USE IS MEANING
Use is Meaning derives from philosopher Ludwig Wittgenstein’s insight that the meaning of a word—or any designed object—is not determined by definition but by its use in practice. In other words, we understand what something is by how it is used, not by what it claims to be. This is not the case, every and always, it is simply the case in the context of what we see as "intelligence."
In the context of AI and UX, this principle reframes design ethics from intentionality to functionality. What matters is not what we say a system does, but how it behaves in the hands of users, and what relationships and realities that use creates.
Designers often assert purpose through mission statements or onboarding language, but meaning emerges in the lived encounter—when the interface is touched, the model is prompted, or the algorithm acts. Every feature teaches a behavior, and every behavior establishes a moral grammar.

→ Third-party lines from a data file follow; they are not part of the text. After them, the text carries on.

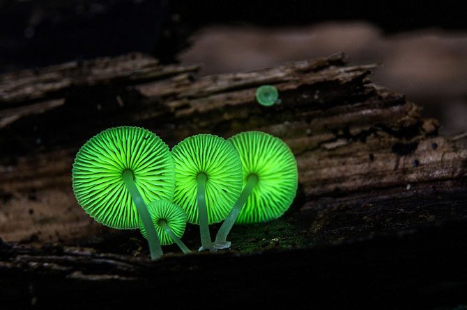 Находясь в лесах Шри-Ланки, Японии, Тайваня, Австралии, Бразилии, Полинезии, или Явы, можно подумать, что вы попали в страну чудес, и всё благодаря грибам Mycena chlorophos.
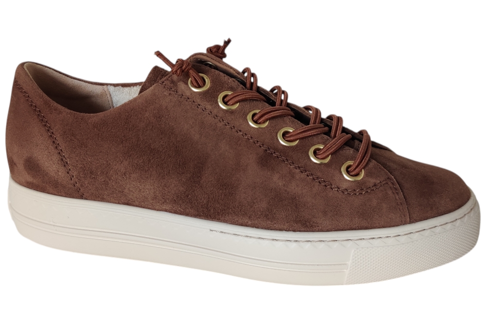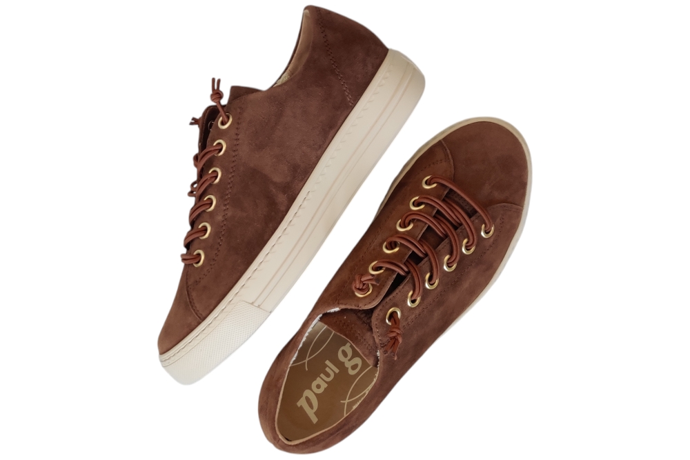 Deze stijlvolle Paul Green sneakers in bruin combineren comfort met moderne uitstraling. Matriaal nubuck Voering eer en katoen. Kleur bruin..Zool rubber ca 3 cm.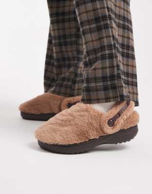 Shoes by Crocs Faux fur design Slip-on style Hinged heel strap for a secure fit Signature Crocs branding Croslite footbed moulds to your foot for a custom fit and improved arch support Lightweight non-marking sole

Through the AI-E lens, “Use is Meaning” reminds us that systems speak through action. Their ethical value is not encoded in documentation but in use patterns—the everyday negotiations between affordance and intent. When a technology is used to exclude, surveil, or manipulate, that use defines its meaning, regardless of its stated goal.
Thus, to design ethically is to observe meaning as it unfolds in use, not as it is declared in principle. It is to treat data, interface, and interaction as living language—constantly rewritten by those who engage with it.